Presently I have simply created my own object-like macro and redefined it manually before each function to be the function name. Obviously this is a poor and probably unacceptable practice. I am aware that I could take an existing cpp program or library and modify it to provide this functionality. I am hoping there is either a commonly used cpp replacement which provides this or a preprocessor library (prefer Python) which is designed for extensibility so as to allow me to 'configure' it to create the macro I need.
I wrote the above to try to provide a concise and well defined question but it is certainly the Y referred to by #Ruud. The X is...
I am trying to manage unique values for reporting errors in an embedded system. The values will be passed as a parameter to a(some) particular function(s). I have already written a Python program using pycparser to parse my code and identify all symbols being passed to the function(s) of interest. It generates a .h file of #defines maintaining the values of previously existing entries, commenting out removed entries (to avoid reusing the value and also allow for reintroduction with the same value), assigning new unique numbers for new identifiers, reporting malformed identifiers, and also reporting multiple use of any given identifier. This means that I can simply write:
void MyFunc(int * p)
{
if (p == NULL)
{
myErrorFunc(MYFUNC_NULL_POINTER_PASSED);
return;
}
// do something actually interesting here
}
and the Python program will create the #define MYFUNC_NULL_POINTER_PASSED 7 (or whatever next available number) for me with all the listed considerations. I have also written a set of macros that further simplify the above to:
#define FUNC MYFUNC
void MyFunc(int * p)
{
RETURN_ASSERT_NOT_NULL(p);
// do something actually interesting here
}
assuming I provide the #define FUNC. I want to use the function name since that will be constant throughout many changes (as opposed to LINE) and will be much easier for someone to transfer the value from the old generated #define to the new generated #define when the function itself is renamed. Honestly, I think the only reason I am trying to 'solve' this 'issue' is because I have to work in C rather than C++. At work we are writing fairly object oriented C and so there is a lot of NULL pointer checking and IsInitialized checking. I have two line functions that turn into 30 because of all these basic checks (these macros reduce those lines by a factor of five). While I do enjoy the challenge of crazy macro development, I much prefer to avoid them.
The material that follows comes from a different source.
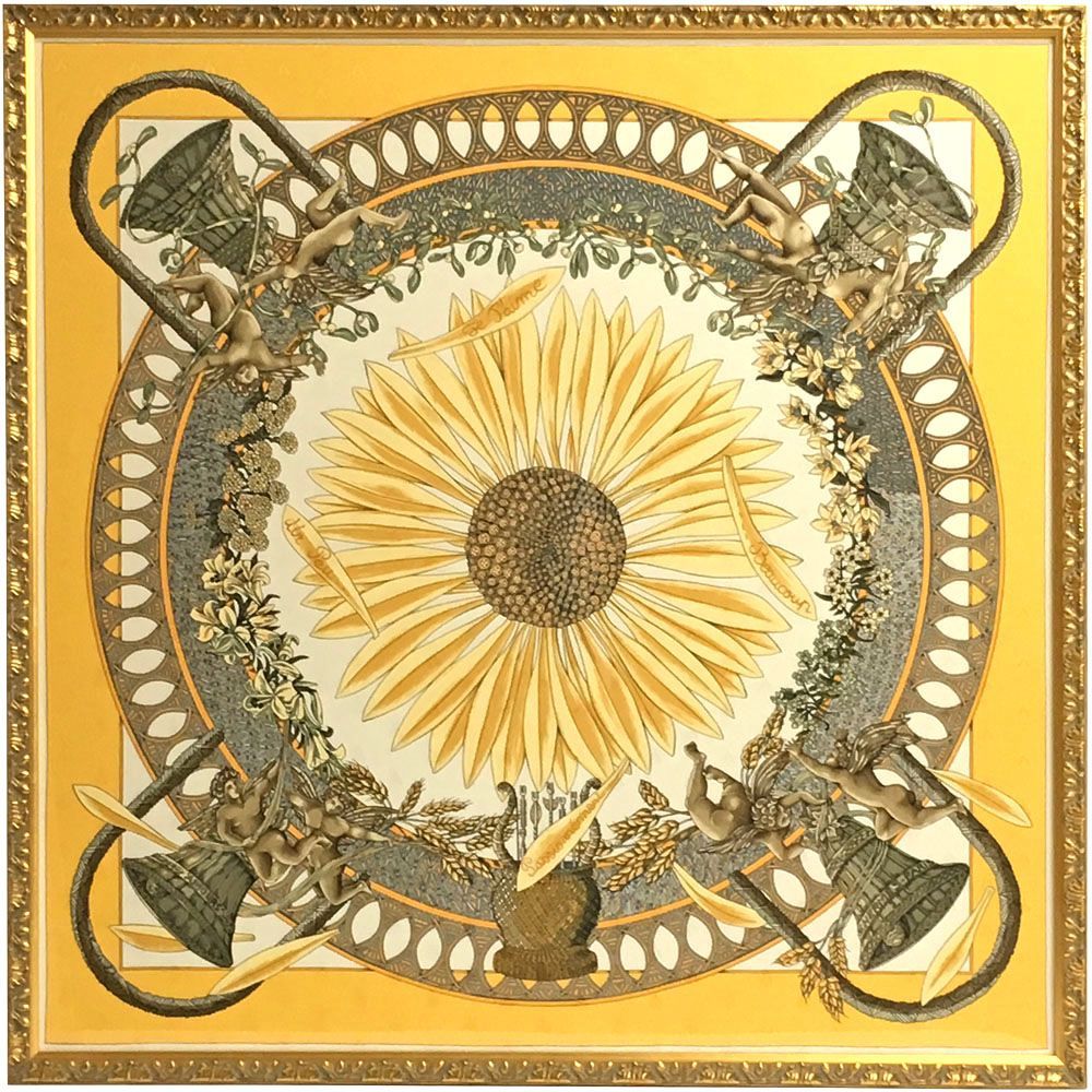 こちらはエルメスのカレ「amours(アモーレ)」です。中心の大きなひまわりと共に天使と鐘がデザインされています。ひまわりの他にも百合や麦などといった様々な草花が散りばめられている、華やかなスカーフです。

That said, I dislike repeating myself and hiding the functional code in a pile of error checking even more than I dislike crazy macros.
If you prefer to take a stab at this issue, have at.
__FUNCTION__ used to compile to a string literal (I think in gcc 2.96), but it hasn't for many years. Now instead we have __func__, which compiles to a string array, and __FUNCTION__ is a deprecated alias for it. (The change was a bit painful.)
But in neither case was it possible to use this predefined macro to generate a valid C identifier (i.e. "remove the quotes").
But could you instead use the line number rather than function name as part of your identifier?
If so, the following would work. As an example, compiling the following 5-line source file:
#define CONCAT_TOKENS4(a,b,c,d) a##b##c##d
#define EXPAND_THEN_CONCAT4(a,b,c,d) CONCAT_TOKENS4(a,b,c,d)
#define MAKE_AN_IDENTIFIER(x) EXPAND_THEN_CONCAT4(line_,__LINE__,__,x)
static int MAKE_AN_IDENTIFIER(NULL_POINTER_PASSED);
will generate the warning:
foo.c:5: warning: 'line_5__NULL_POINTER_PASSED' defined but not used
As pointed out by others, there is no macro that returns the (unquoted) function name (mainly because the C preprocessor has insufficient syntactic knowledge to recognize functions). You would have to explicitly define such a macro yourself, as you already did yourself:
#define FUNC MYFUNC
To avoid having to do this manually, you could write your own preprocessor to add the macro definition automatically. A similar question is this: How to automatically insert pragmas in your program
If your source code has a consistent coding style (particularly indentation), then a simple line-based filter (sed, awk, perl) might do. In its most naive form: every function starts with a line that does not start with a hash or whitespace, and ends with a closing parenthesis or a comma. With awk:
{
print $0;
}
/^[^# \t].*[,\)][ \t]*$/ {
sub(/\(.*$/, "");
sub(/^.*[ \t]/, "");
print "#define FUNC " toupper($0);
}
For a more robust solution, you need a compiler framework like ROSE.
Gnu-C has a __FUNCTION__ macro, but sadly even that cannot be used in the way you are asking.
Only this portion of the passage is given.